Cihad mefhumu toplumları yıkıp yerle bir etmek değildir. Ancak ve ancak Allah’ın kelimesini en yükseklere taşımaktır. Allah (cc) şöyle buyuruyor:

“Ey iman edenler! Allah'tan korkun. O'na yaklaşmaya yol arayın ve yolunda cihad edin ki kurtuluşa eresiniz.” (Maide 35)

Cihad, İslam ideolojisinin İslam akidesinden çıkan davet metodudur. Cihad, Allah’ın rahmeti ve hidayeti olan İslam’ın pratik olarak tatbikinin önündeki tüm maddi engelleri kaldırmak için savaşmaktır. Bu mübarek ve mukaddes davet, kesinlikle insanlara haksızca zarar vermek ve onların servetlerini çalmak gibi amaçlar taşımaz. Sadece insanlara fıtratlarına uygun, yegane doğru olan bir hayat nizamını kurmak amacını taşır.

Cihadın işleyişini düzenleyen kurallar ancak İslam’dandır. İslam’ın hükümleri herhangi bir suçu olmayan masum sivillere karşı saldırılmasına izin vermez.

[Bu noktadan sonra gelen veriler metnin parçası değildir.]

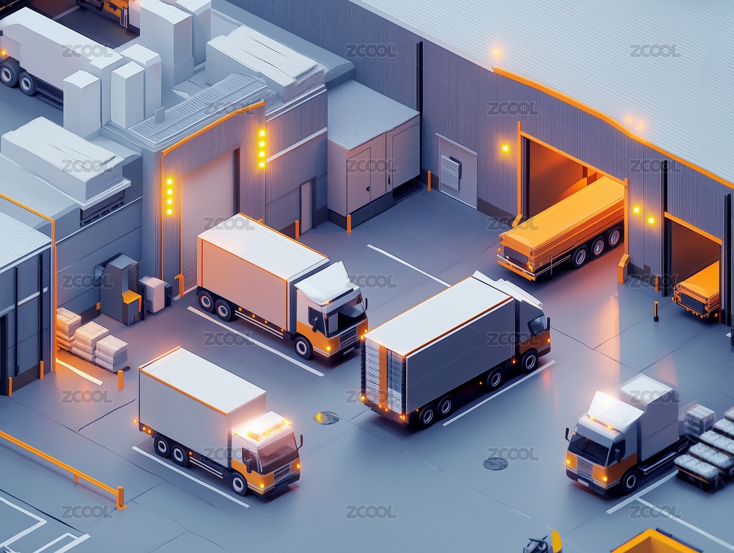 等距视图下的仓储物流运输仓库
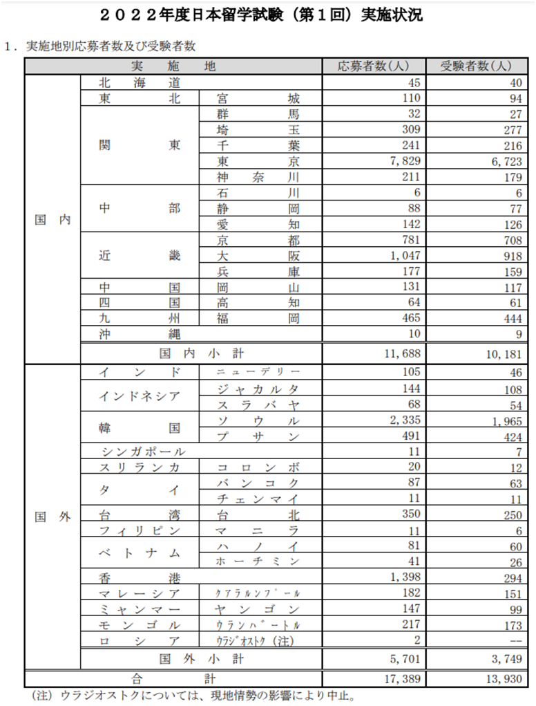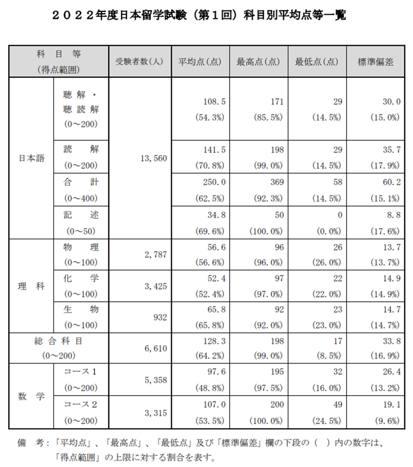 目前第一次考試已經(jīng)結(jié)束了,第二次考試的報(bào)名也在7月29日截止。日本學(xué)生支援機(jī)構(gòu)公布了2022年度第一次日本留學(xué)考試的實(shí)施結(jié)果。
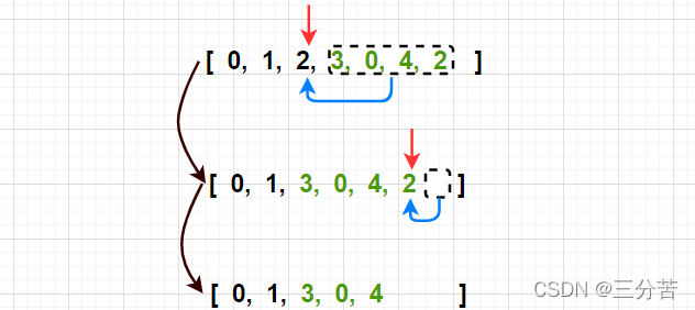 从第一个数据开始进行依次遍历,如同示例1,依次遍历数组,找到移除的元素2就把后面的数据往前挪动进行覆盖,如图所示:
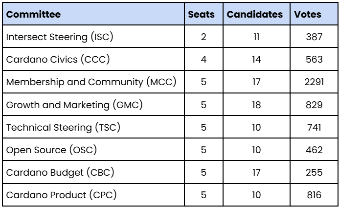 The Cardano community answered the call in the 2025 Q4 committee elections, with 293 members, 19.4% of eligible voters, casting a total of 6,344 ballots among 98 candidates competing for 36 seats across eight committees.
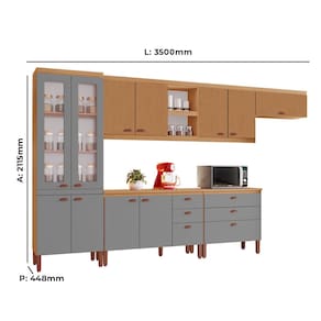 Cozinha Completa Modulada Tuboarte Ágata 100% MDF com 2 Balcões 11 Portas e 6 Gavetas - Grafite
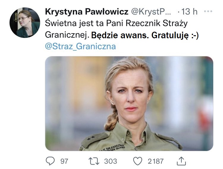 Już wiadomo że Pawłowicz pochwaliła rzecznik SG Anne Michalską – rzecznik Straży Granicznej czeka świetlana przyszłość… – będzie awans 🙂
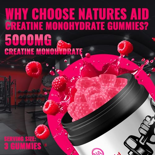 Natures Aid NSF Certified Creatine Gummy 5g – Creatine Monohydrate Gummies – Pre-Workout Energy & Muscle Growth Support for Men & Women | Raspberry Electrolyte Gummies (135 Count)
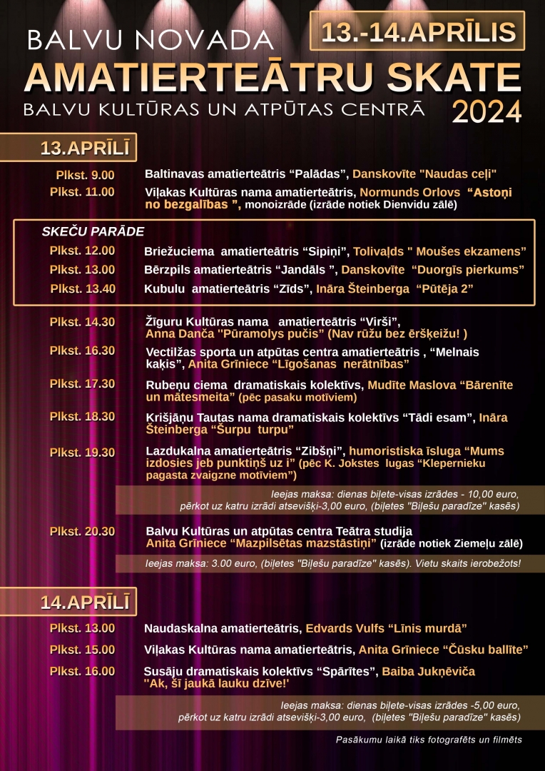 13. un 14. aprīlī ikviens interesents tiek aicināts uz Balvu novada amatierteātru skati, kurā būs iespējams vērot amatierteātru 11 izrādes un 3 skečus.
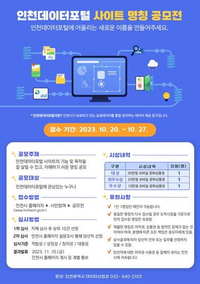 손혜영 인천시 데이터산업과장은 “대학, 연구기관, 기업, 시민이 함께 공유하고 있는 인천데이터포털이 이번 공모전을 계기로 더 많은 분들에게 알려지길 바란다”며 “기억하기 쉽고 참신한 아이디어로 인천시를 대표하는 사이트에 걸맞은 이름이 지어질 수 있도록 적극적인 참여를 부탁드린다”고 말했다.
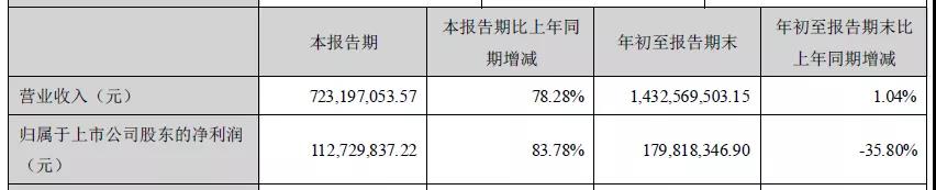 武漢銳科光纖激光技術股份有限公司(以下簡稱“銳科激光”或“公司”)發布了2020年第三季度報告。報告顯示,銳科激光第三季度營收7.23億(yi) 元,同比增長78.28%;歸屬於(yu) 上市公司股東(dong) 的淨利潤1.13億(yi) 元,同比增長83.78%。
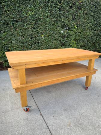 This table was built right — thick top, strong joinery, and industrial wheels, so you get the stability of a heavy piece with the convenience of mobility. Rolls easily, locks in place securely.
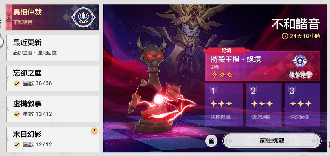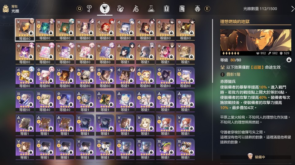 角色遺器之類的都幫你刷到畢業了,可以直接組出4隊(記憶隊、大黑塔隊、那刻夏隊、Archer隊)
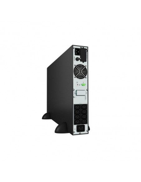 Com uma eficiência de até 96% no modo ECO e 91% no modo online, este UPS contribui para reduzir os custos de energia. O tempo de recarga é rápido, permitindo que a bateria esteja novamente pronta para funcionar em pouco tempo. O equipamento inclui múltiplas tomadas de saída AC (9), uma porta USB para monitorização e um dispositivo de desligamento de emergência.
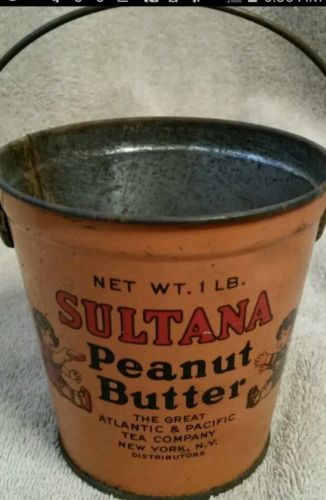 VTG 1940s Sultana Peanut Butter Advertising Tin Can Pail
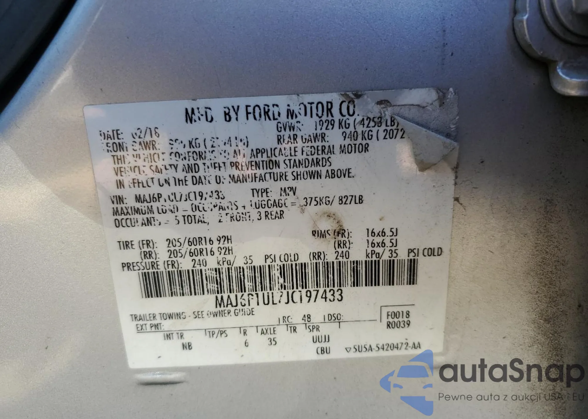 • VIN MAJ6P1UL7JC197433
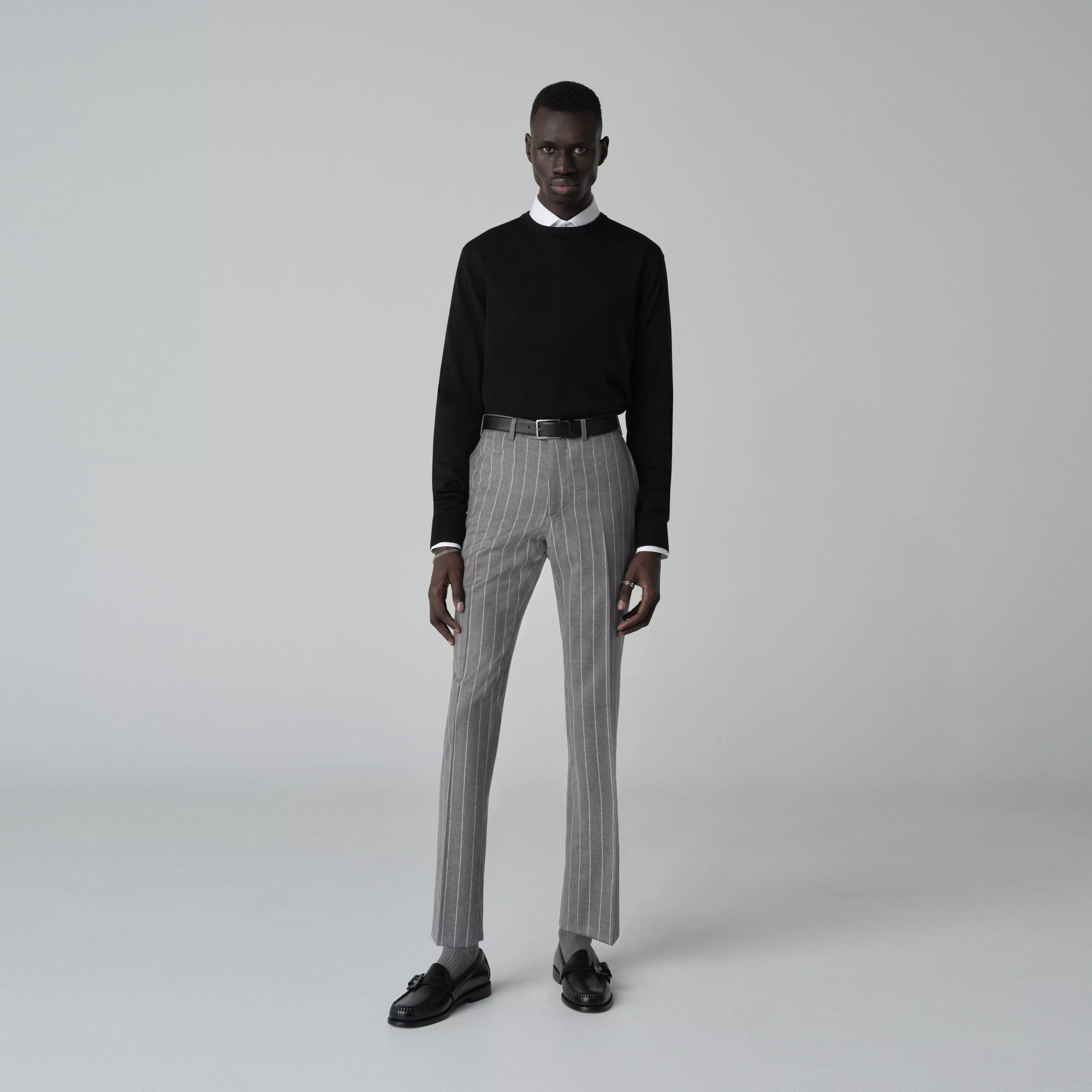 Tap into a striped fabric made of 100% Italian wool and a weight so optimal you can wear it from fall to spring. Our Matera stripe fabric is a sleek style you'll want to take from day to night and weekday to weekend. In addition to being custom made to your unique measurements and specifications, these pants are thoughtfully constructed from high quality components. All our pants are half lined for added comfort, and feature bullhorn buttons, 4 pockets, and hook & bar closures.

O hükümler çocukların, yaşlıların ve hatta savaş alanında savaşmayan kadınların bile öldürülmesini yasaklar. Yine sivilleri taşıyan ve savaşla ilgisi olmayan uçakların kaçırılmasını haram kıldığı gibi, evlerin ve sivillerin çalıştığı işyerlerinin harap edilmesini de haram kılar. Tüm bu hareketler İslam’ın haram kıldığı saldırı türleridir ve Müslümanlar böylesi hareketlerden kaçınmalıdırlar. Aynen Hz. Ömer (r.a)’ın Kadisiye de İranlılara karşı cihad eden komutanı Hz. Sa’d ibn Vakkas (r.a)’a dediği gibi. O şöyle demişti: “Ey Sa’d! Sen Allah’ın Resulü’nün amcası ve O’nun sahabelerindensin. Allah’tan sana gelenden başkasının olmasına izin verme! Allah şerri şer ile defetmez. Şerri ancak güzellikle defeder.” Müslüman mücahitler silahlı bile olsalar kadınlara ve keşişlere, kendilerine saldırmadıkları sürece onlara dokunmadılar. Onlar, yemek amacı olmaksızın hayvanları dahi öldürmediler. Yakarak ısınma düşüncesi olmaksızın ağaçları bile kesmediler.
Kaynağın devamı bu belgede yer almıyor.